The thing drew my attention to this response was the title. The part "What Do The Children Think?" is what specifically made me so interested because it really reminded me of Erin N. Winkle's article "Children Are Not Colorblind: How Young Children Learn Race". I deeply enjoyed and was extremely interested in Winkle's article, so I knew that I was going to like this response. The author of the article you read suggested talking to children about racial issues before they reach seven years old. Just like you, I believe in the importance of emphasizing the equality of the diverse groups of people that exist in today’s society to our children. However, I also believe that we should be specially talking to our children about racial issues. A lot of people are afraid to talk to their children about race but I believe that race is something that we need to stop pretending doesn't exist and sweeping it under the rug. By openly talking to our children about race we are limiting the possibilities of them seeing other races in a negative light. The answer to ending racism is definitely not colorblindness; by pretending that things don’t exist we're not helping anyone. Instead of ignoring our differences and focusing on our similarities, let’s celebrate both.

I chose to comment on this response because the title drew my attention, this whole article and response very much reminded me of Erin N. Winkle's article "Children Are Not Colorblind: How Young Children Learn Race". I enjoyed reading that article so that is why I want to comment on this. The author of this article says that people should talk to their children by the age of 7; I do believe that parents should discuss the issue of race to their children, but this topic should be talked about much earlier. Research has discovered that by the age of 6 months old, babies can recognize or notice differences when it comes to race and gender; for example, a 6 month old will stare at a person of a different skin color because they recognize it is different than anyone else of a similar skin color than their own or their parents. By the age of 3 to 5 children develop racial biases. Which means they can point out when someone is of a different skin color. Many parents are reluctant to discussing such a topic with their children because they believe that talking about will increase the chance f their children developing racist thoughts. But parents need to talk about because children are seeing it and don’t really understand and parents are the ones that have to explain it. parents need to step up and talk about it, because not talking about it will lead to bad outcomes. it is not a hard subject to talk about if one goes about it simply, that all skin colours are beautiful and that were all equal and the same.

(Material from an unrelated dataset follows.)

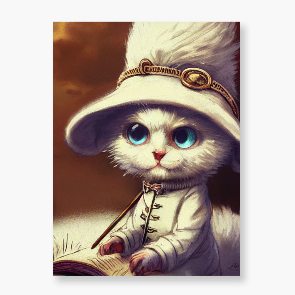 White Cat Wall Picture – Artwork Stretched Canvas – Wizard Wall Art

For the fourth comment that we were assigned to do we had the option to comment on any post that we wanted. As I was scrolling through the various posts, this one caught my eye. Throughout this semester we have learned a lot about the reality of racism in our societies; including the concepts of white privilege, and how children are not color blind. The title of this post automatically made me think of these two concepts and I was very curious to see how this post brought them together. As I was reading through this post I was very shocked by the fact that medical professionals would give different amounts of pain medication to children of different races; white children receiving more, allowing them to be more comfortable, and black children receiving less, causing them to feel more pain. I feel as though this is can be explained by the reality of white privilege. In our societies white people are often put on a pedestal, allowing them to reach success more easily in many different aspects of their life. This can be connected to the issue discussed in this post. White children are provided with the medication needed in order to heal at ease, where black children are not give the same opportunity. I agree with this post, stating that it is important to begin to discuss the concepts of racial biases with children from a young age in order to prevent future racial biases. I am curious to know if the children and the families of these children are aware that things like this are occurring in their health care system. It saddens me that there is racism towards innocent, sick children.